Dataset records section start
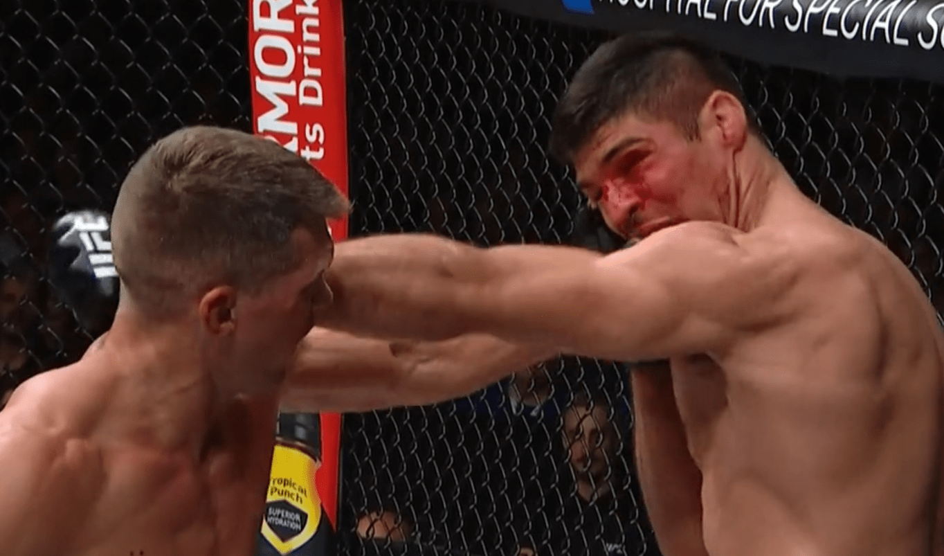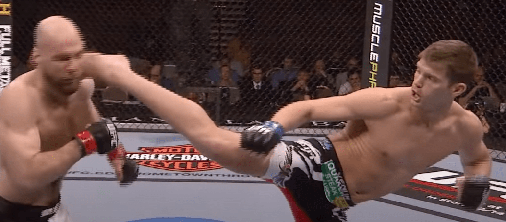 As expected Thompson was picking Pettis apart, and was looking to cruise a one-sided decision or a late stoppage win but at the last seconds of the second round, Pettis jumped off the cage and landed an unexpected punch that put Thompson to sleep. It was one of the most shocking moments in MMA history and also the first time Thompson has been knocked out.
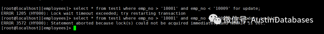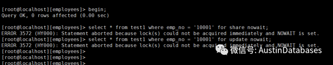 MYSQL 数据库本身的定位是快速的OLTP的操作,在高并发中这样的等待的情况可能不被允许,应用程序希望快速的得到我是否可以对这行是否能进行操作,所以在此基础上,MYSQL 8 提供了 NOWAIT 的方式来满足应用的需求.
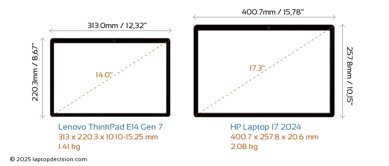 Thunderbolt ThinkPad E14 Gen 7 está equipado con un puerto Thunderbolt 4. Laptop 17 2024 no tiene puerto Thunderbolt.
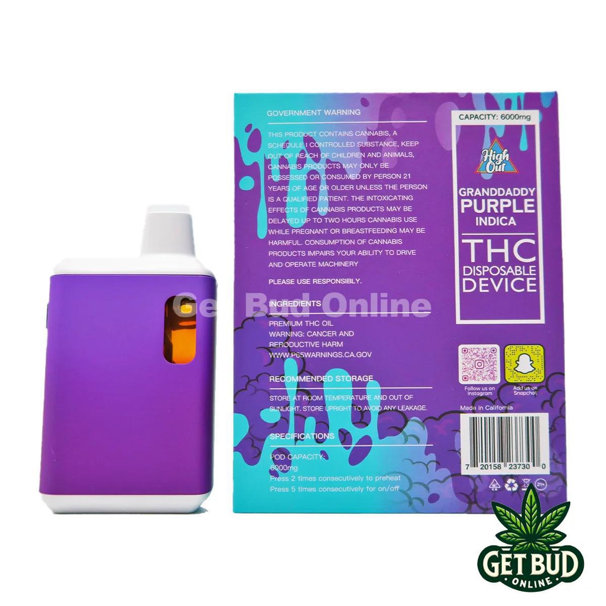 Get High Out – Granddaddy Purple (Indica) Disposable Vape 6000mg 🚬 Online
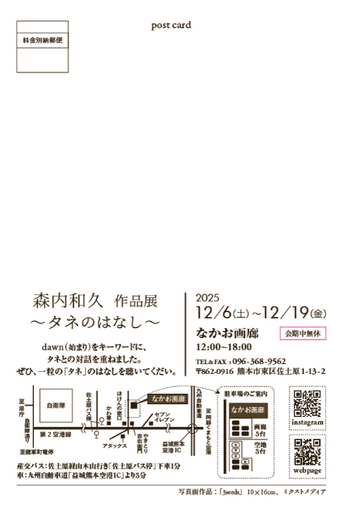 2025年12月6日(土) -12月19日(金) 12:00-18:00. 会期中無休
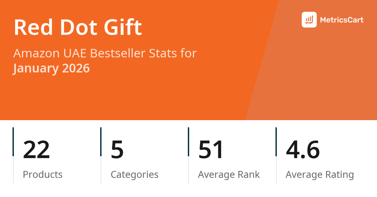 In January 2026, Red Dot Gift appeared on Amazon UAE's bestseller lists with 22 unique products across 5 categories. These products appeared in categories including Office Products, Baby Products, and Home. The brand's products on the bestseller lists were priced between AED 4.50 and AED 20.70, with an average price of AED 12.45. These bestselling products maintained an average rating of 4.6 based on 2K total ratings from customers who purchased products that appeared on the bestseller lists.
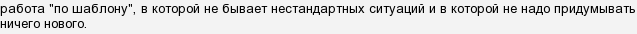 Мои увольнения с разных мест работы частично были связаны с тем, что имеющиеся требования и обязанности я быстро освоила, приходилось все выполнять на автомате, и я начинала подыхать с тоски и доставать окружающих. Мои попытки привнести некоторого креатива и свежего духа в дело, неизменно заканчивались протестом руководства, которое заявляло, что мое дело — это тупо делать свою работу по испокон заведенному шаблону. И все. А креативничать я буду дома.
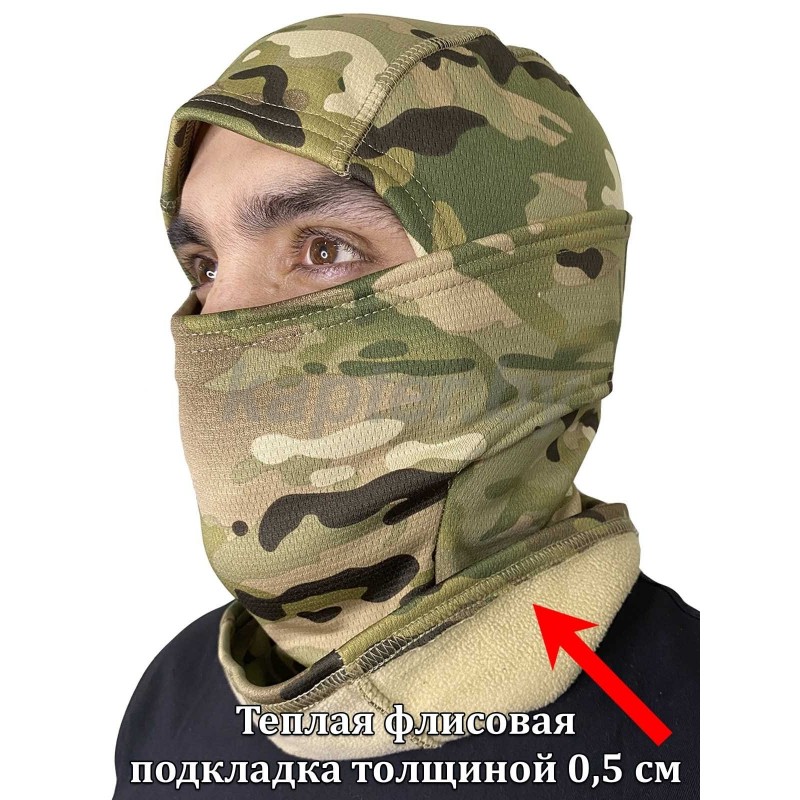 Тёплая балаклава утепленная флисом 0,5 см. Multicam.
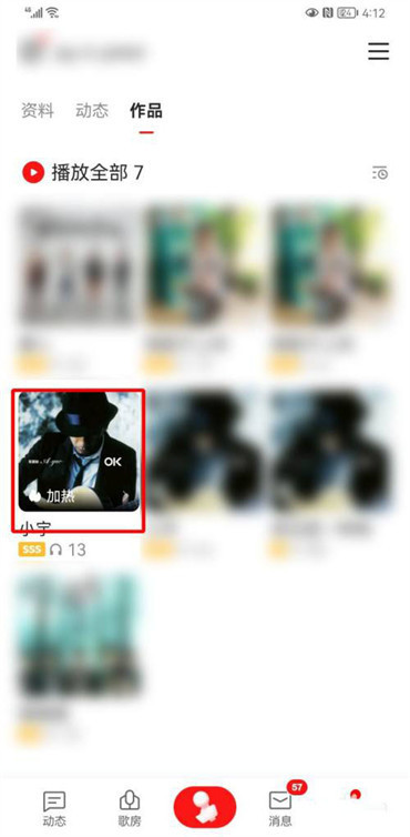 1.首先打开全民K歌软件进入到全民K歌页面之后点击自己唱的歌曲;
Dataset records section end
- Work to be completed
Without the pictures, print the records in full, exactly as they appear.

- Answer box
 As expected Thompson was picking Pettis apart, and was looking to cruise a one-sided decision or a late stoppage win but at the last seconds of the second round, Pettis jumped off the cage and landed an unexpected punch that put Thompson to sleep. It was one of the most shocking moments in MMA history and also the first time Thompson has been knocked out.
 MYSQL 数据库本身的定位是快速的OLTP的操作,在高并发中这样的等待的情况可能不被允许,应用程序希望快速的得到我是否可以对这行是否能进行操作,所以在此基础上,MYSQL 8 提供了 NOWAIT 的方式来满足应用的需求.
 Thunderbolt ThinkPad E14 Gen 7 está equipado con un puerto Thunderbolt 4. Laptop 17 2024 no tiene puerto Thunderbolt.
 Get High Out – Granddaddy Purple (Indica) Disposable Vape 6000mg 🚬 Online
 2025年12月6日(土) -12月19日(金) 12:00-18:00. 会期中無休
 In January 2026, Red Dot Gift appeared on Amazon UAE's bestseller lists with 22 unique products across 5 categories. These products appeared in categories including Office Products, Baby Products, and Home. The brand's products on the bestseller lists were priced between AED 4.50 and AED 20.70, with an average price of AED 12.45. These bestselling products maintained an average rating of 4.6 based on 2K total ratings from customers who purchased products that appeared on the bestseller lists.
 Мои увольнения с разных мест работы частично были связаны с тем, что имеющиеся требования и обязанности я быстро освоила, приходилось все выполнять на автомате, и я начинала подыхать с тоски и доставать окружающих. Мои попытки привнести некоторого креатива и свежего духа в дело, неизменно заканчивались протестом руководства, которое заявляло, что мое дело — это тупо делать свою работу по испокон заведенному шаблону. И все. А креативничать я буду дома.
 Тёплая балаклава утепленная флисом 0,5 см. Multicam.
 1.首先打开全民K歌软件进入到全民K歌页面之后点击自己唱的歌曲;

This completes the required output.